A recently initiated research program at U.C., Davis to explore the concept has refurbished two CO2 lasers for exploring the laser generated beat wave current drive technique, with estimated expected efficiency ≈6 x 10-7 A/W and resultant ≈60 A driven currents at 100 MW of laser power[47]. There is also a recently initiated, coordinated PIC numerical modeling effort of the beat wave generation and wave-particle interactions at PLX-relevant densities. The primary objectives of the modeling effort are to help optimize experiments on the beat wave generation and wave- particle coupling processes, and to explore the important issue of current drive efficiency and how it scales up to plasma liner MIF relevant regimes. The simulations examined counter-propagating laser beam injection into a plasma with peak density of 3 x 1016 cm-3. Fig. 8 shows initial 2D LSP simulation results confirming the growth of electrical current density and the presence of the beat wave near the expected 1.07 THz envelope frequency for injected beams at 10.4 and 10.8 μm wavelengths and 1013 W/cm2 intensities (corresponding to available CO2 lasers[47]). The electron acceleration proceeds in the direction of the higher frequency beam. In addition, the electron pressure exhibits strong axial modulation at the 5 μm beat wave wavelength. Ongoing simulations are studying varying angles between the injected laser beams and density gradients with the goal of optimizing current drive with minimal heating. 

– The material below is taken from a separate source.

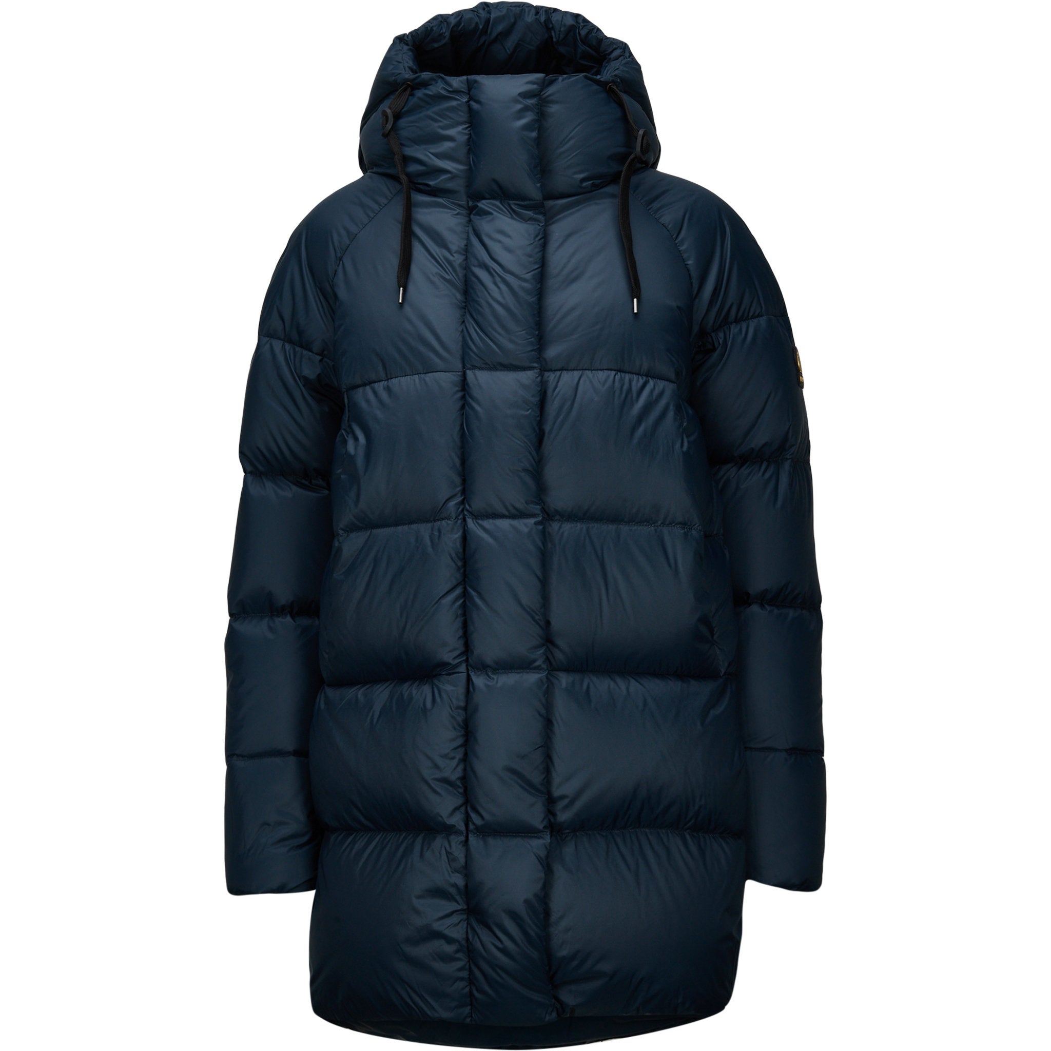 • 800-fill white Hutterite duck down • Premium nylon shell • Durable Water Repellent finish • Attached adjustable hood w/ braided cord • YKK two-way front center zip • 2 hand pockets with YKK zips • Interior patch pocket • Side openings w/ zips • Adjustable bottom hem • Tricot suede finish on inner sleeves • Insulated elastic wrist cuffs • Shoulder straps to carry coat • Loose fit, above-the-knee length • Ethical, traceable down

The issue of field topology is an important one for plasma liner MIF. For the typically slower implosion MTF concepts, it is generally believed that closed flux surfaces in the pre-formed target are required to provide sufficient thermal insulation. It would be difficult (but not impossible, with some proprietary ideas being considered) to generate closed, mirror-like, or other flux surfaces via laser generated beat wave current drive. However, a recent interesting work[48] suggests that a random field with sufficient connection length might provide sufficient thermal insulation for MIF, and this would open up the possibilities for fuel magnetization methodologies. Ongoing studies are evaluating different possible magnetic field topologies for plasma liner MIF that might be compatible with laser magnetization. 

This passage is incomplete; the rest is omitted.